Understanding the process and mechanisms by which lectins affect cancerous cell growth is impertinent if we are to use lectins in future clinical cancer therapy. It is important to realize the discrepancies between animal model experiments and the results found in humans when considering the use of lectins for cancer treatment. Lectins are known to have some toxic effects at high concentrations creating some complications when regarding their use for therapy. Mistletoe lectins are a standard example of a potential anti-tumor compound that produces debatable effects when examined in cancer patient prospective studies. While research studies
in vivo and
in vitro involving mistletoe lectins both show anti-tumor effects, clinical studies have yet to support such findings. Positive trends have been seen in studies using mistletoe lectins on breast cancer patients, but literature reviews of earlier studies have shown little conclusive evidence for the benefits of mistletoe lectins on survival or quality of life of patients but data from recent years tend to suggest a benefit [
67,
68,
69,
70,
71,
72,
73,
74,
75,
76,
77]. However, this does not mean we should refute all experimental lectin trials as many such prospective studies lacked proper methodological practices and were possibly subjected to potential bias. Furthermore, as previously stated, all lectins are known to have varying degrees of effectiveness based on dosage or specific type of lectin extracted which must be taken into consideration when reviewing the literature of human clinical trials. Investigations using
in vivo lectin experiments may provide a better indication on how a specific lectin may react in a clinical setting and what cytotoxic effects the lectin may hold. Con A is a case in which the lectin has anti-neoplastic effects but can also have toxic effects on cells [
78].
Besides being vital areas for drug testing, lectins also hold potential for use as cancer markers and predictors.

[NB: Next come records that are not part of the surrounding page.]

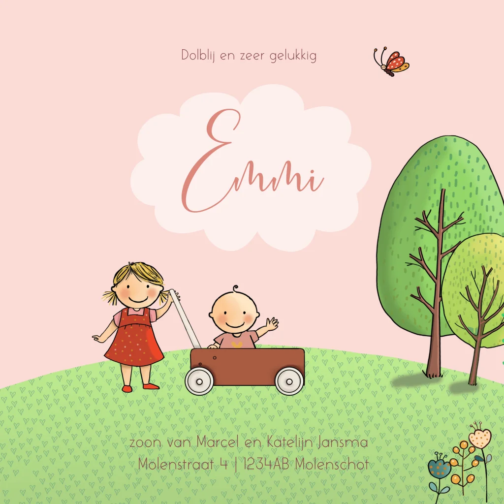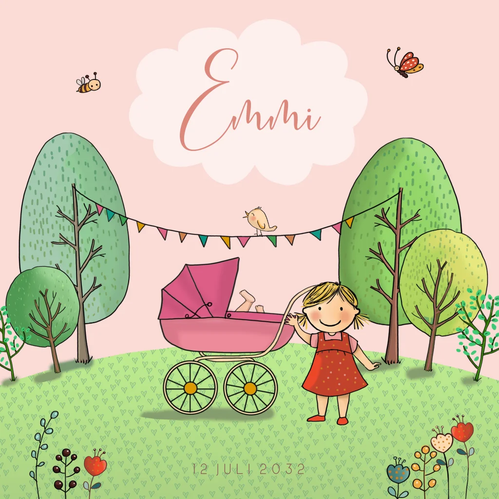 Geboortekaartjes meisje kinderwagen zusje met bomen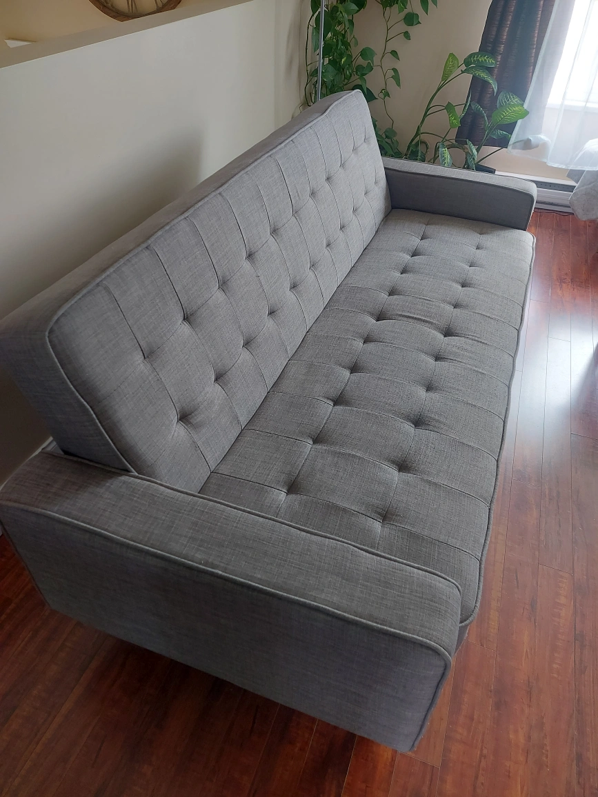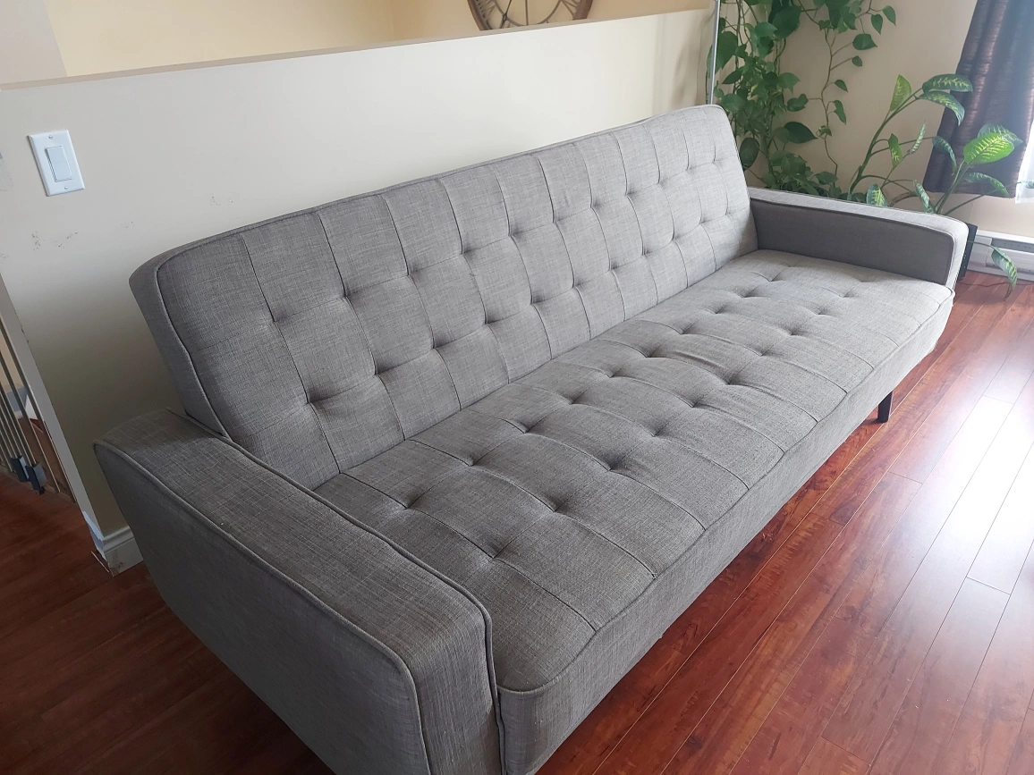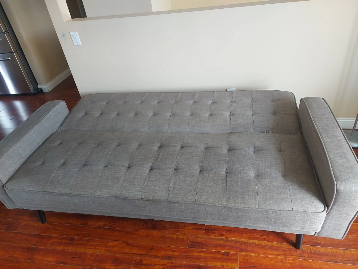 Selling a grey futon sofa bed. It's in great condition and would be perfect for a living room or spare room. It easily converts from a sofa to a bed, making it versatile for guests or small spaces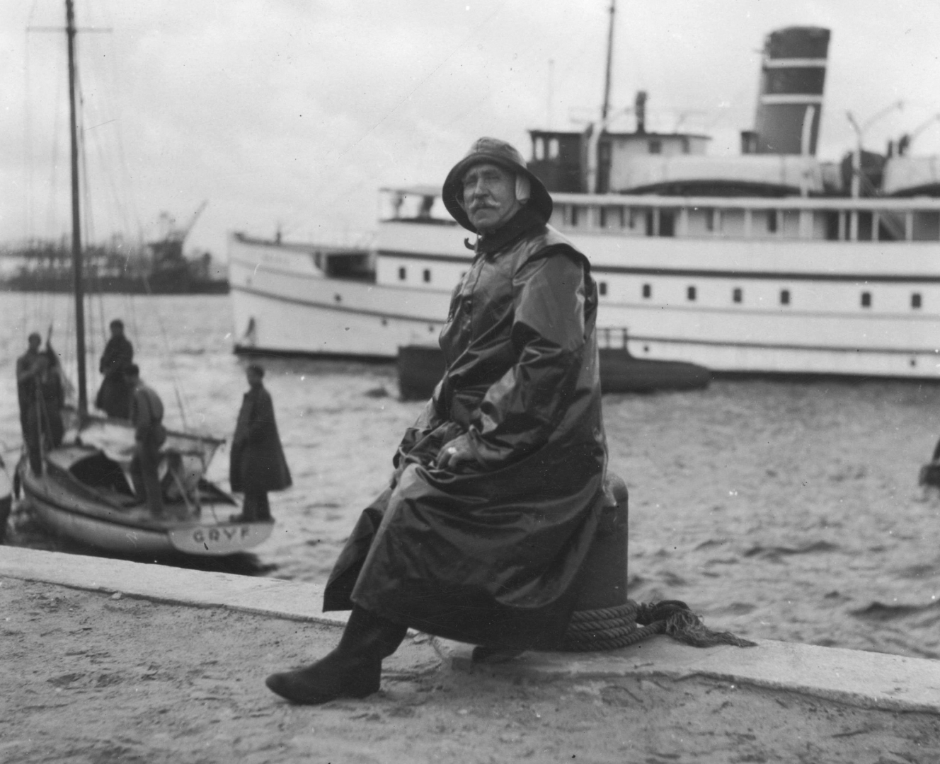 Marian Zaruski - kapitan harcerskiego szkunera "Zawisza Czarny" na nabrzeżu portu ubrany w sztormiak., [online] Warszawa: Narodowy Instytut Audiowizualny [dostęp 28.02.2026]. Dostępny w internecie: http://www.ipsb.nina.gov.pl/a/foto/marian-zaruski-kapitan-harcerskiego-szkunera-zawisza-czarny-na-nabrzezu-portu-ubrany-w-sztormiak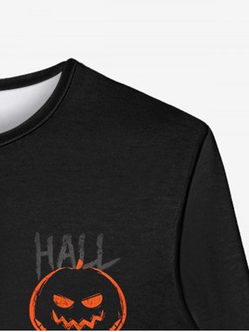 Gothic Halloween Pumpkin Skeleton Claw Print Buttons T-shirt For Men - Black - 4xl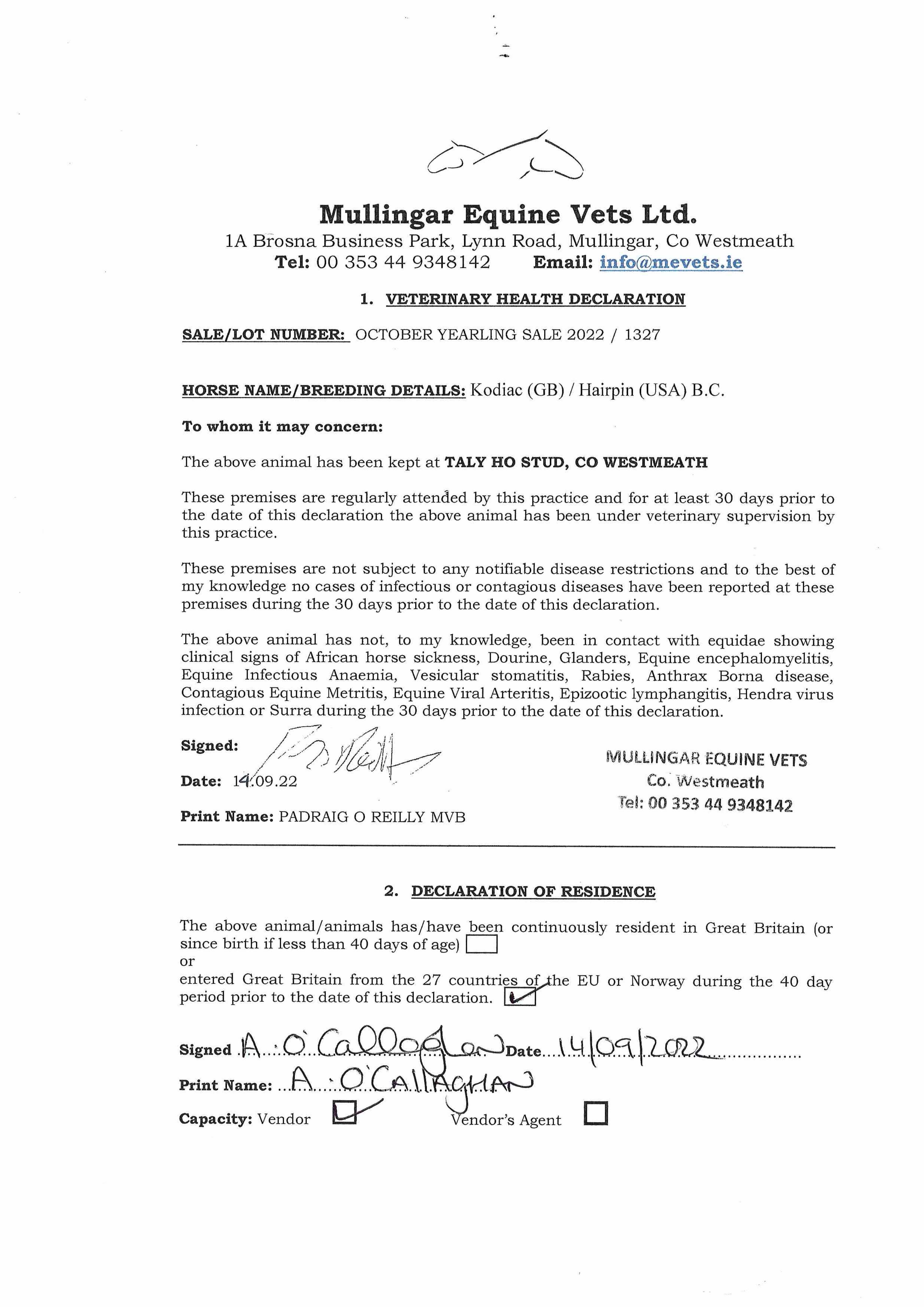 Consignor: Tally-Ho Stud, Ireland

Certain single nucleotide polymorphisms found in the genes coding for C-type lectins have been found to be associated with increased risk of developing colorectal cancer and its severity if established though further studies are warranted [
79]. Many galectins including galectin-1 and galectin-3 have also shown a correlation with tumor development and can be used as markers of potential cancerous growth [
80]. Both galectin-1 and galectin-3 interact with oncogenic Ras, a proto-oncogene known to be mutated and constantly expressed in tumor cells rendering these two galectins to be favorable targets for therapy [
81]. Thus, directing research at such lectins for cancer treatment can be potentially significant and merits further research not only to determine the use of lectins for apoptotic induction, but also to predict and prevent malignant cell growth.